<<<<
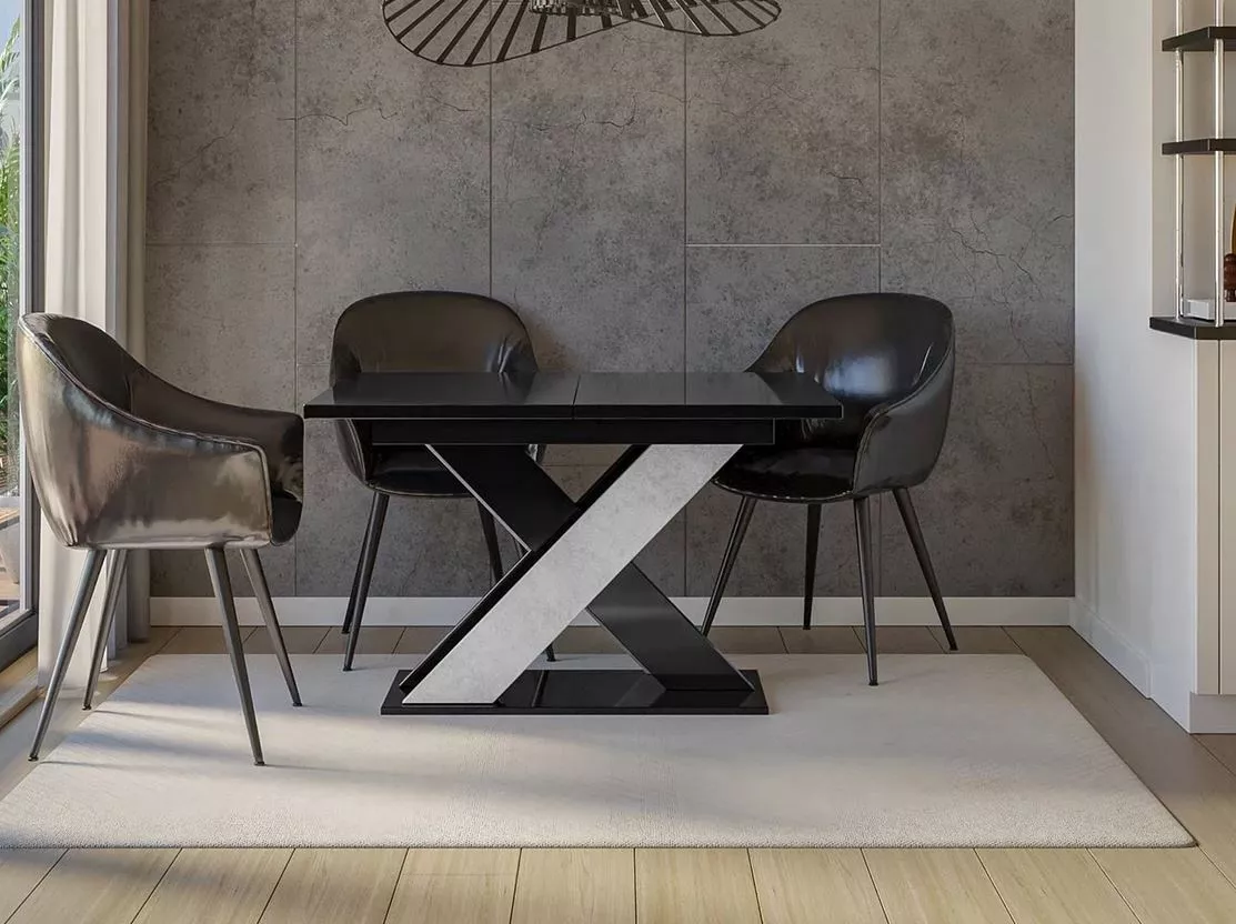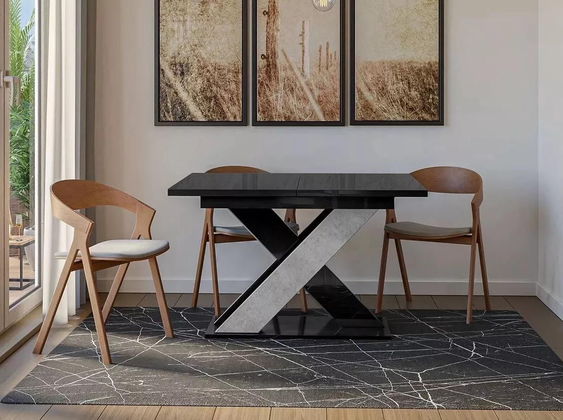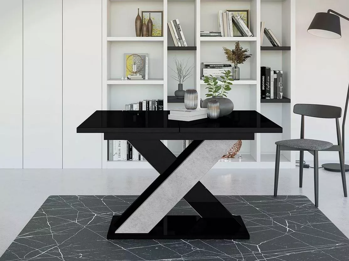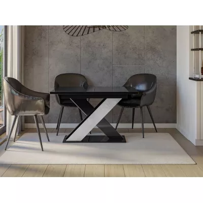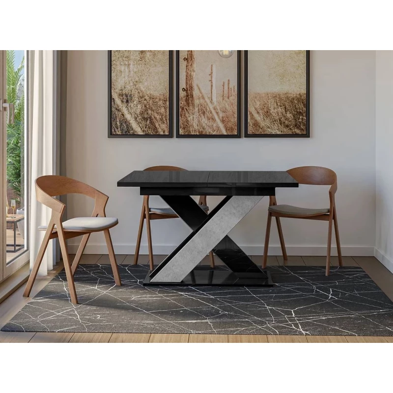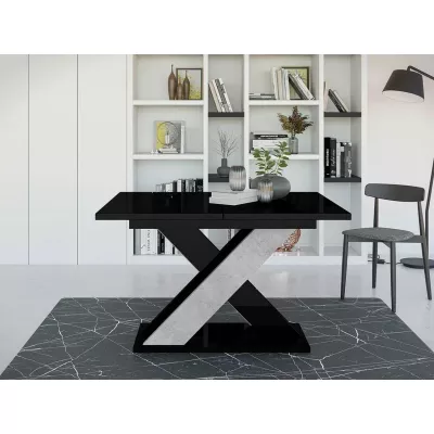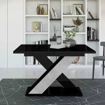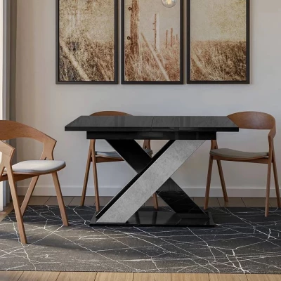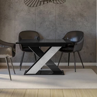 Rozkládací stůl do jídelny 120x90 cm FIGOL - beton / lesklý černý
>>>>
<<<<
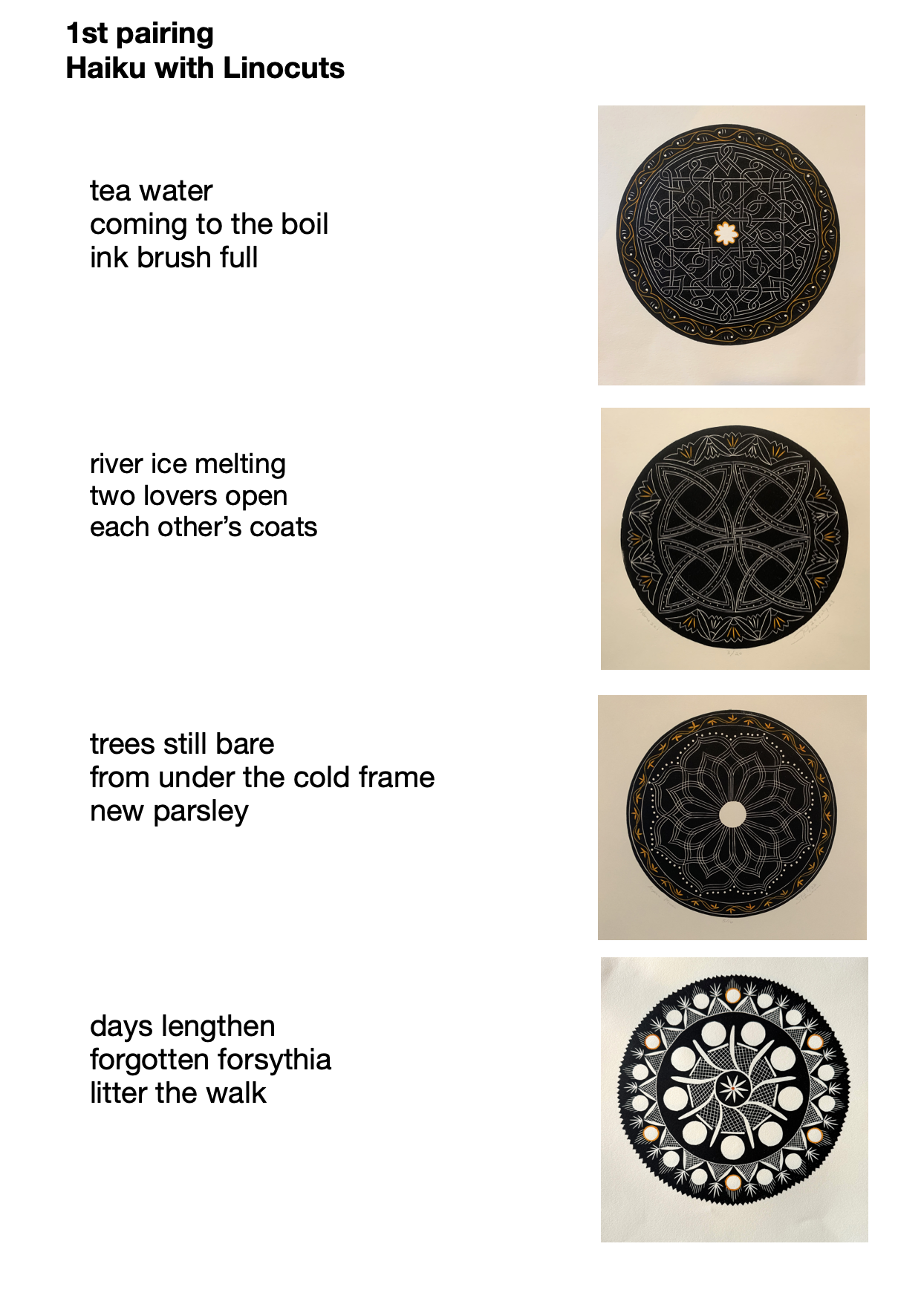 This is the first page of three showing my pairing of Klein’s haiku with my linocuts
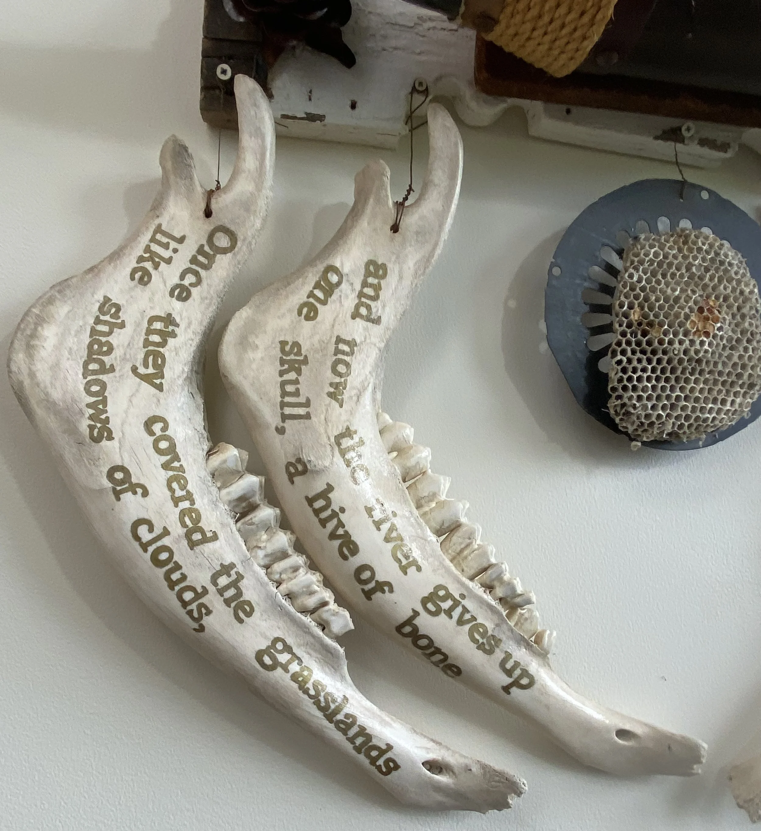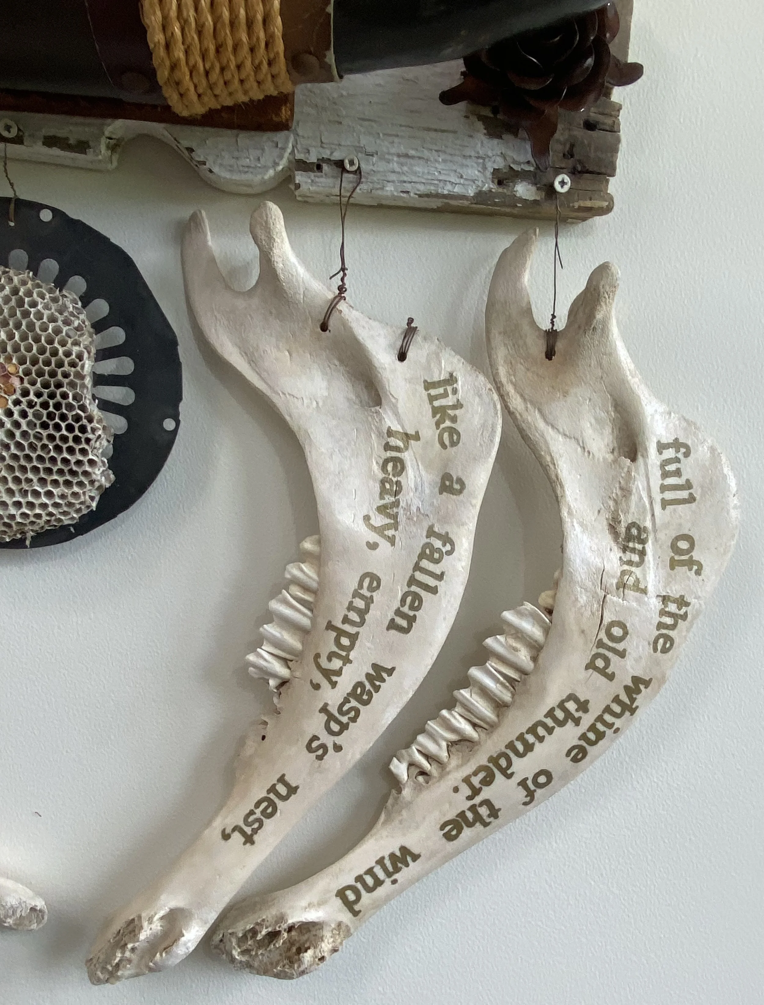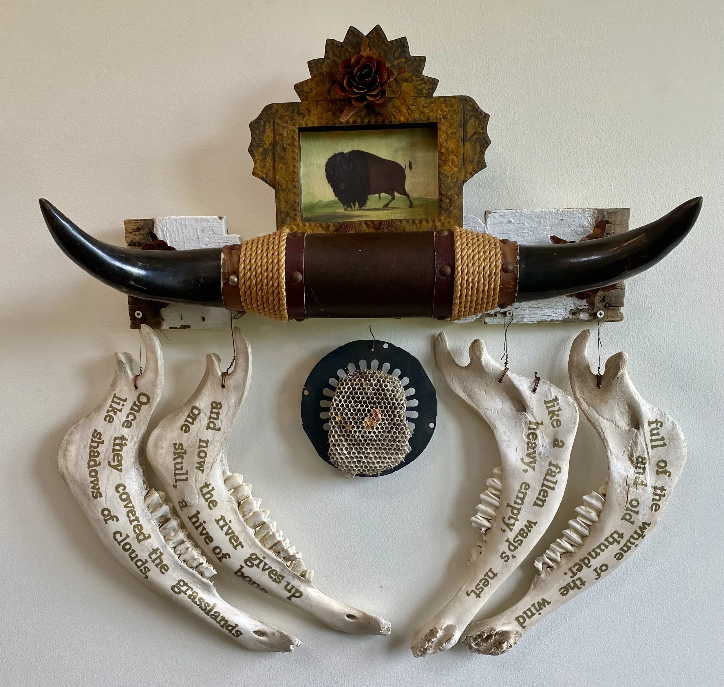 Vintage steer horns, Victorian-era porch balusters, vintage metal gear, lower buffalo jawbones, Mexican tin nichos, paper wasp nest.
>>>>
**Required work**.
Leaving pictures out, output the lines of the data above from the one with "This is the" through the one with "Vintage steer horns, Victorian-era", word for word.

**Response to this task**.
 This is the first page of three showing my pairing of Klein’s haiku with my linocuts
 Vintage steer horns, Victorian-era porch balusters, vintage metal gear, lower buffalo jawbones, Mexican tin nichos, paper wasp nest.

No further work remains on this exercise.